Healthy controls and subjects with MCI were annually reassessed (mean duration of follow-up: 24 ± 11 months) and had their diagnostic status adjusted depending, respectively, on the onset of cognitive deficits (incident MCI) or the progression from MCI to dementia. MCI subjects with conversion to AD during follow-up were reclassified as having MCI-AD. MCI subjects remaining cognitively stable over time were designated as having stable MCI (MCI-S). Conversion from MCI to incipient dementia was characterized by objective measures of functionality with the Brazilian version of the direct assessment of functional status [28], [29].

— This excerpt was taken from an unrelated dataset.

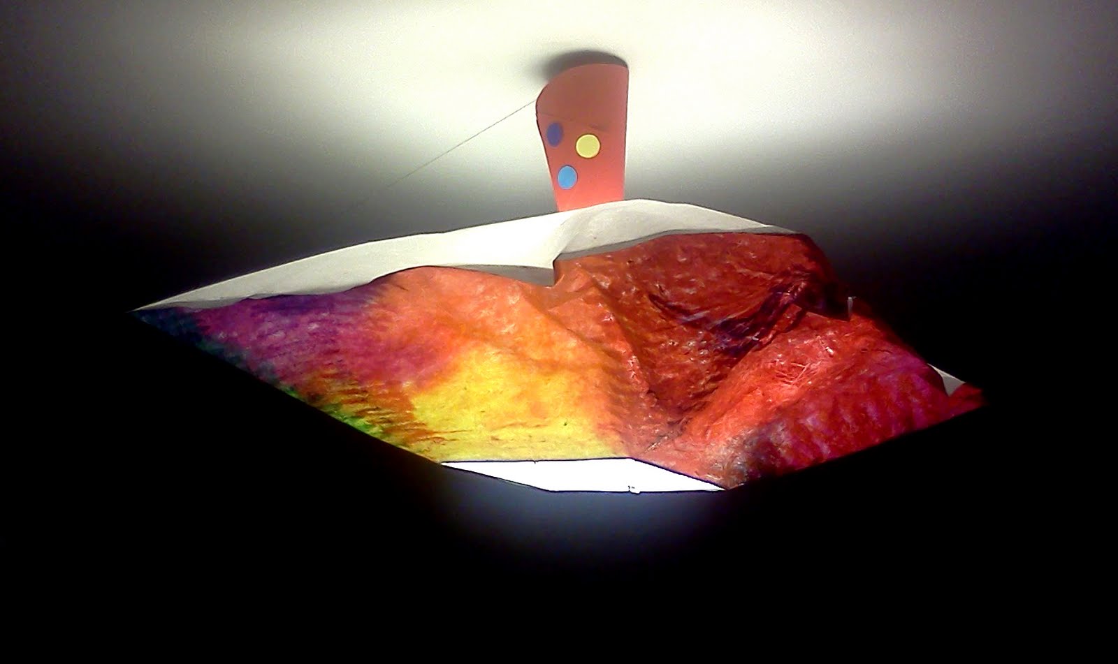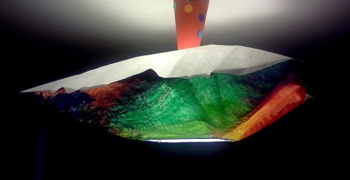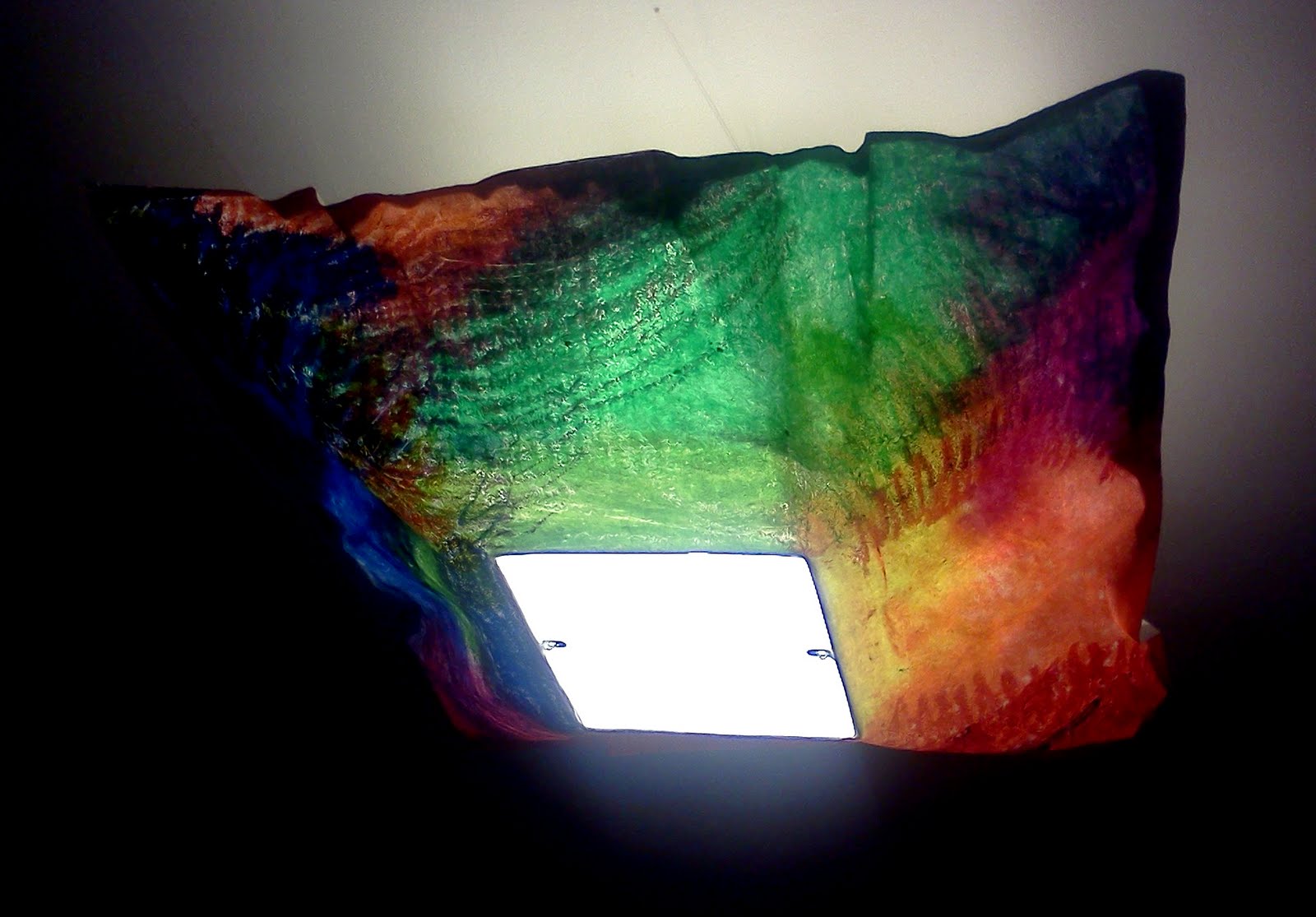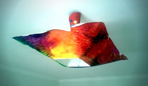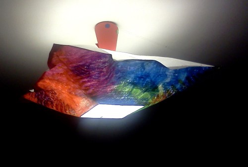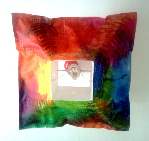 Amikor beköltöztünk az albérletbe, a lakás első feltűnő adottsága (vagy hiányossága) az alacsony belmagasság volt. A villanykörték szabadon lógtak a plafonról, mivel egy hagyományos mennyezeti lámpa fejbeverő élményt okozott volna (a plafonra simuló lámpák nem adnak elég fényt, és nem is szeretjük őket)… múltkor, amikor az ikeában jártam, felfedeztem egy új típusú rizspapír lámpaburát, ami egyébként inkább párnahuzatra emlékeztet, de elég jópofának, és főleg olcsónak tűnt. Vettem belőle minden szobába egyet… a gyerekszobait ki is színeztük, ami azon kívül, hogy rendkívül dekoratív, nagyon jó mókának is bizonyult! Kingus magára is kent a festékből, elég bőségesen… “hogy szép legyen a testem” mondta 🙂

2.2. CSF biomarkers analysis
CSF samples were obtained by lumbar puncture in the L3/L4 or L4/L5 intervertebral space, with a 23-gauge needle and using polypropylene tubes, in the morning period without fasting. CSF samples (12–15 mL) were centrifuged at 3200 × g for 10 minutes at 4°C, split into 0.5-mL aliquots in cryotubes (Sarstedt), and immediately frozen and stored at −80°C until analysis, without being thawed and refrozen.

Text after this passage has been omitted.